### WHAT YOU ARE ASKED TO DO
Setting pictures aside, output exactly the lines from the start of the records to the line with "Bulgaria Traditional Pattern", that line included.

(Collected data)

=== Section Start ===

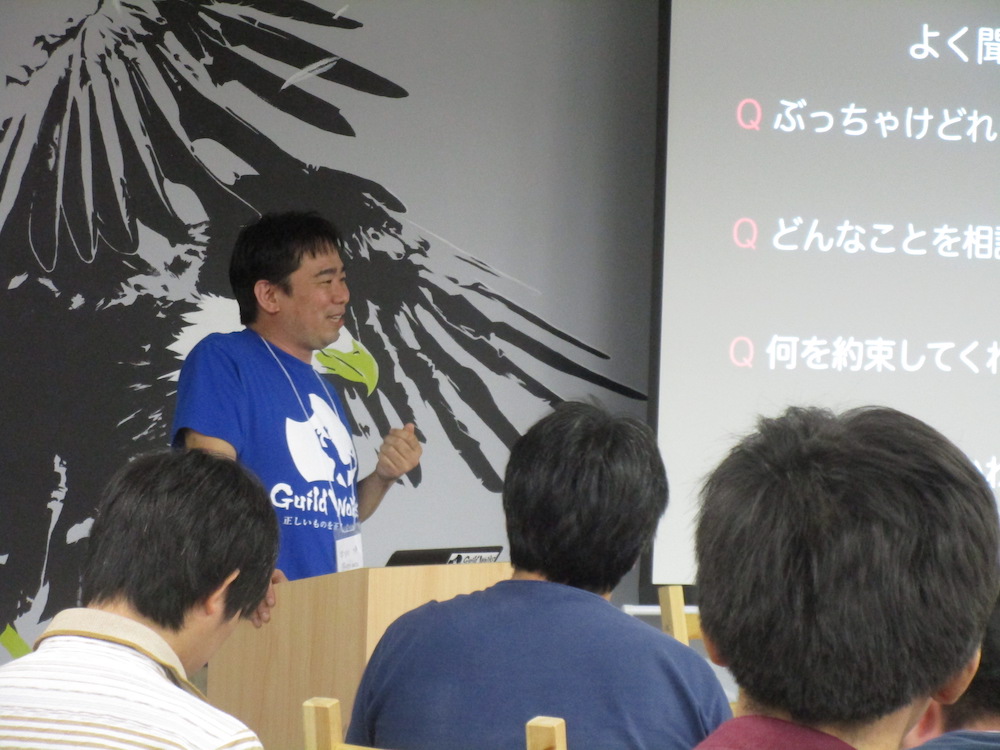 ギルドワークスとギルドメンバーが、どのようにチームを組んで仕事をしているか、座談会形式で展開。適宜質問も受け付けながら、和やかな雰囲気で進みました。
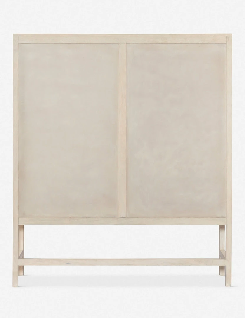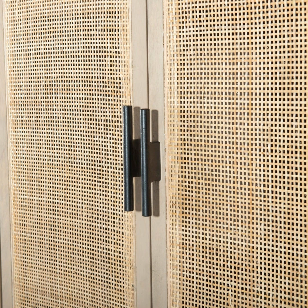 Spacious storage is essential for transitional spaces. This large wooden cabinet has an airy, natural feel with a light mango wood frame and woven cane doors for added texture. The open bottom is perfect for adding storage bins or baskets to complete the look, and works for hallways, dining rooms and even bedrooms.
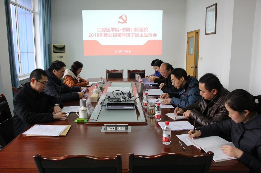 按照学校党委总体部署,2019年1月18日下午,口腔医学院·附属口腔医院2018年度处级领导班子民主生活会在医院小会议室举行。学校党委书记廖斌同志,工会主席陈先红、党委办公室副主任娄坤同志全程参会指导。医院领导班子全体成员、助理调研员、党政办公室、纪监审办公室及组织人事科负责人列席会议,会议由医院党委书记李正新同志主持。
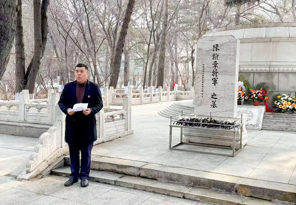 墓冢埋忠骨,鲜花敬俊雄。活动开始,全场庄严肃穆,全体党员脱帽,向烈士默哀。默哀结束,全体人员拿起扫帚,认真清理墓碑附近的落叶和杂物,并向烈士纪念碑敬献鲜花。党员们手持鲜花,依次走到纪念碑前敬献鲜花,表达对革命先烈的无限敬仰和追思。
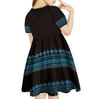 Bulgaria Traditional Pattern Blue Kid Short Sleeve Dress Balkan Culture LT01
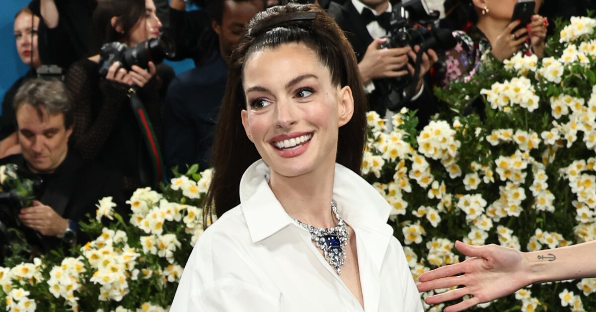 A estrela de ‘O Diabo Veste Prada’ reafirmou por que é considerada um ícone moderno do glamour. Para a ocasião, Hathaway usou um look Balenciaga que reinterpretou uma peça casual com um toque dramático: uma camiseta gráfica que, ao ser girada, revelava uma cauda de tecido espetacular que ia até o chão. Ela complementou o conjunto com luvas de couro pretas, óculos de sol oversized e uma atitude impecável.
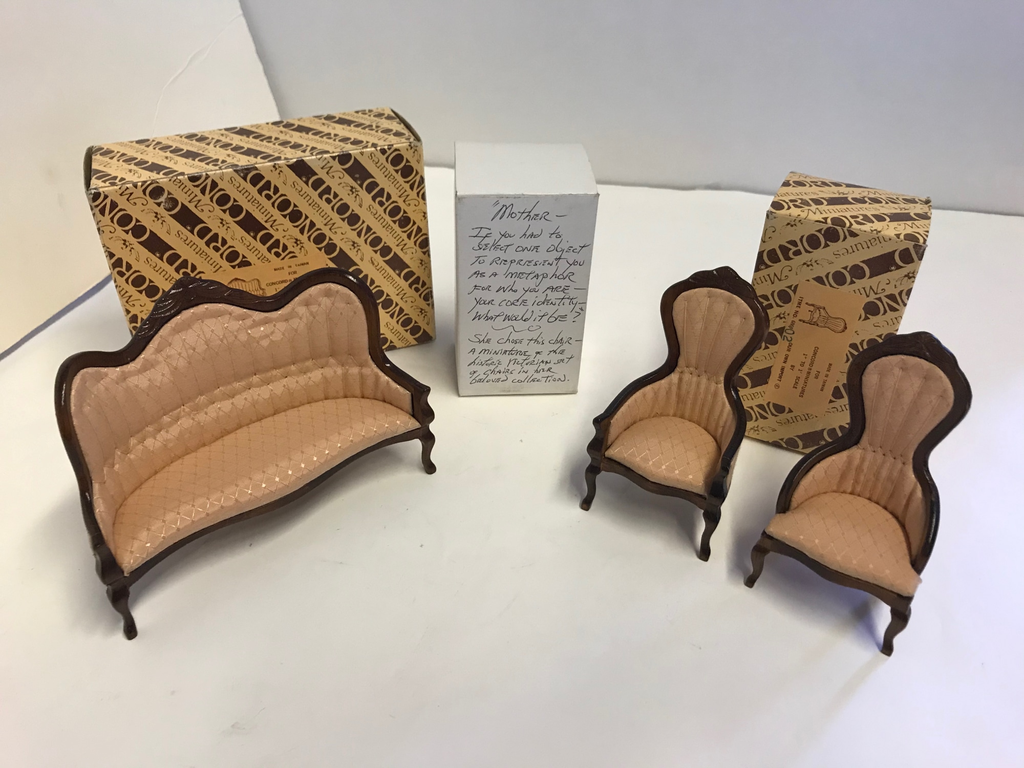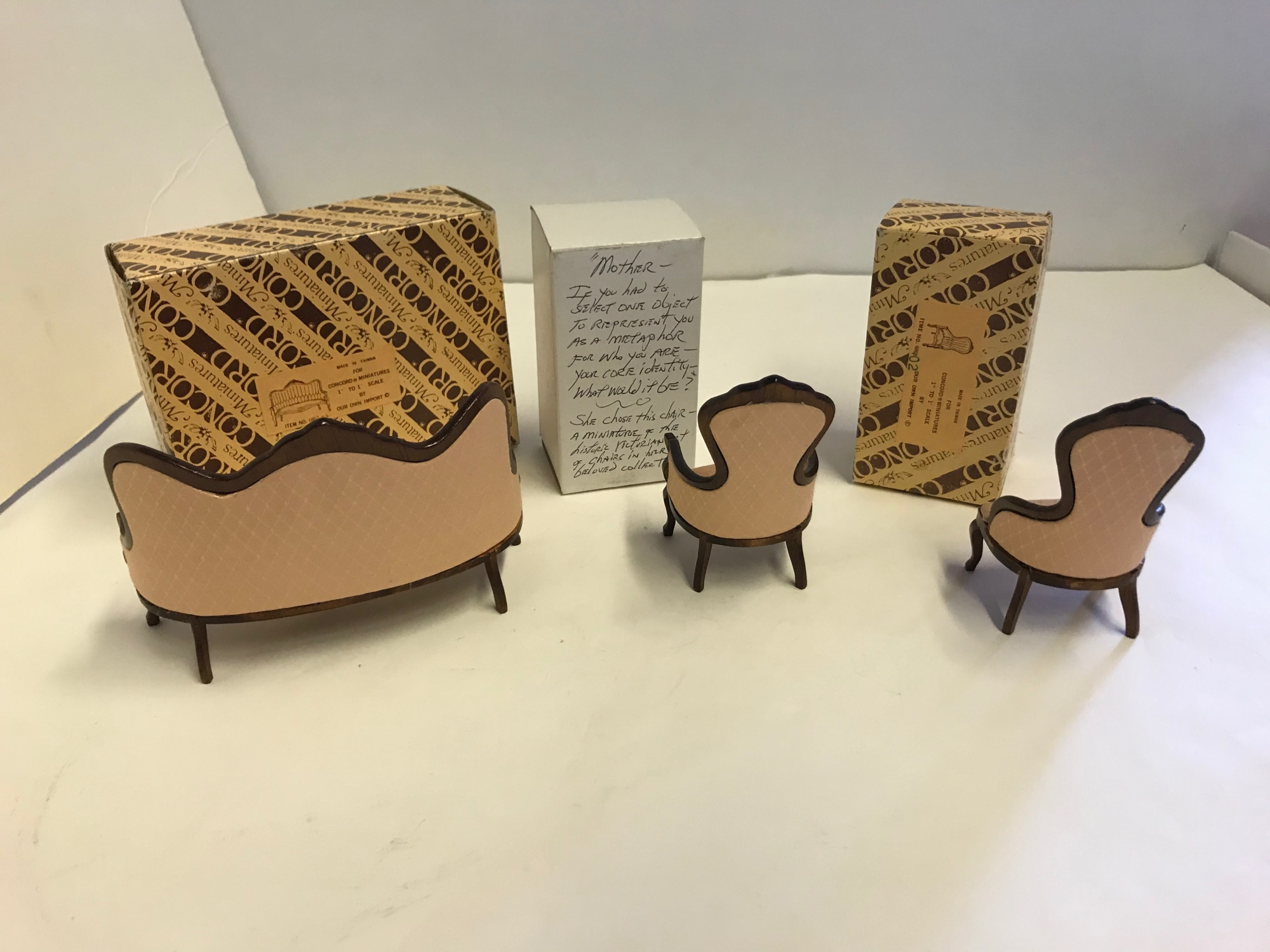 Item c: sofa 1.7 oz., 4.5" H x 6" W x 2" D, made in Taiwan in box labeled CONCORD MINIATURES
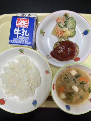 【今日の献立】ごはん れんこんのハンバーグ ポテトサラダ キムチなべじる 牛乳
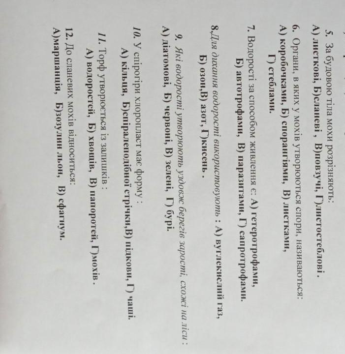 11. Торф утворюється із залишків: А) водоростей, Б) хвощів, В) папоротей, Г)мохів.
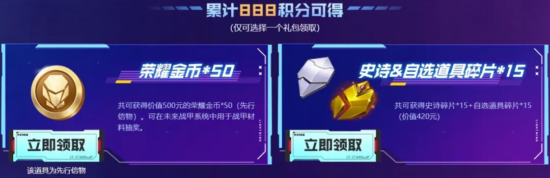 累计888积分,可在价值500元的荣耀金币*50(先行信物),或者在价值420元史诗碎片*15+自选道具碎片*15中任选一个礼包,荣耀金币可在未来战甲系统中用于战甲材料抽奖。
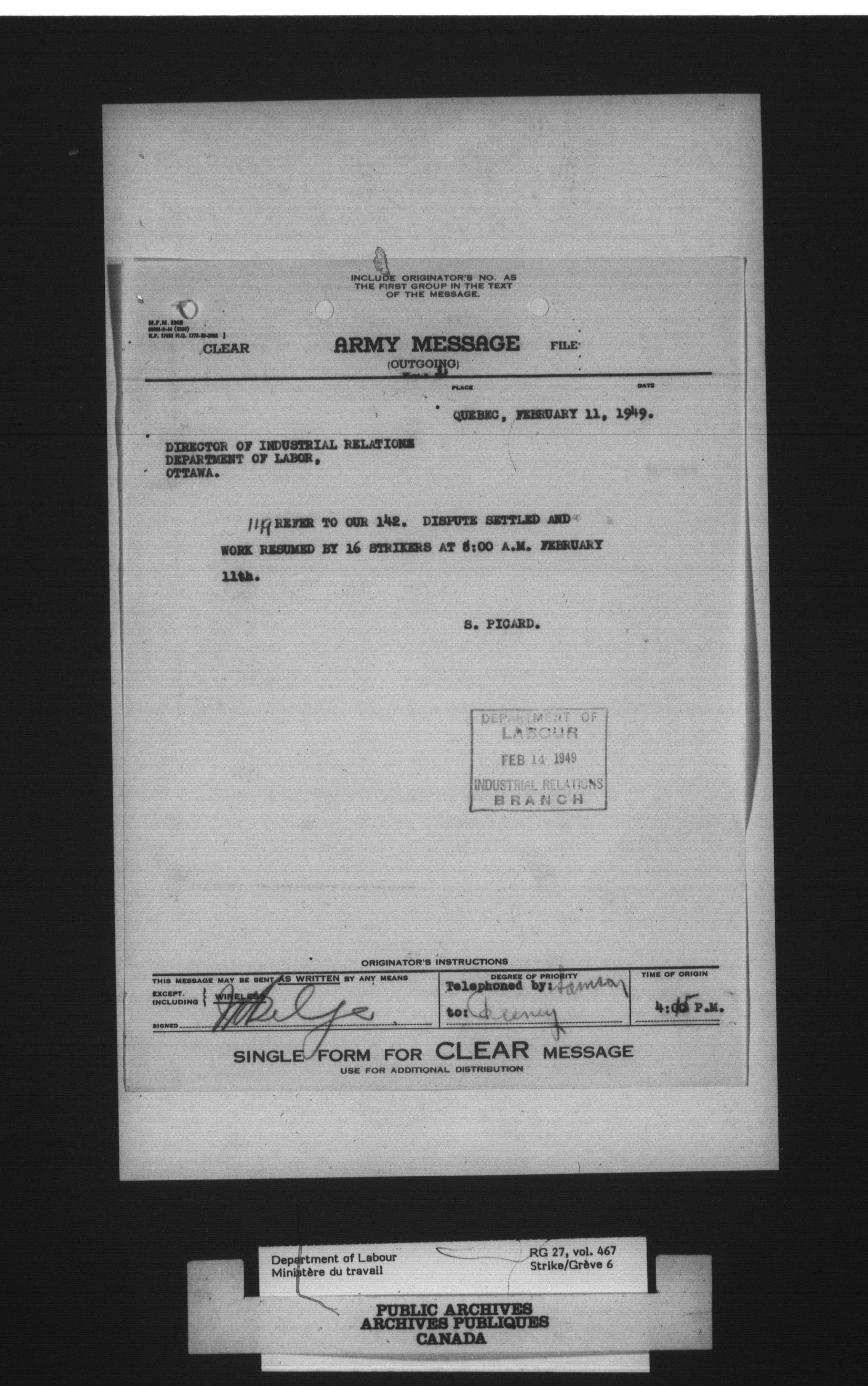 Department of Labour, Economics and Research Branch : Strikes and lockout files - 4097

=== Section End ===

### EXERCISE SOLUTION
 ギルドワークスとギルドメンバーが、どのようにチームを組んで仕事をしているか、座談会形式で展開。適宜質問も受け付けながら、和やかな雰囲気で進みました。
 Spacious storage is essential for transitional spaces. This large wooden cabinet has an airy, natural feel with a light mango wood frame and woven cane doors for added texture. The open bottom is perfect for adding storage bins or baskets to complete the look, and works for hallways, dining rooms and even bedrooms.
 按照学校党委总体部署,2019年1月18日下午,口腔医学院·附属口腔医院2018年度处级领导班子民主生活会在医院小会议室举行。学校党委书记廖斌同志,工会主席陈先红、党委办公室副主任娄坤同志全程参会指导。医院领导班子全体成员、助理调研员、党政办公室、纪监审办公室及组织人事科负责人列席会议,会议由医院党委书记李正新同志主持。
 墓冢埋忠骨,鲜花敬俊雄。活动开始,全场庄严肃穆,全体党员脱帽,向烈士默哀。默哀结束,全体人员拿起扫帚,认真清理墓碑附近的落叶和杂物,并向烈士纪念碑敬献鲜花。党员们手持鲜花,依次走到纪念碑前敬献鲜花,表达对革命先烈的无限敬仰和追思。
 Bulgaria Traditional Pattern Blue Kid Short Sleeve Dress Balkan Culture LT01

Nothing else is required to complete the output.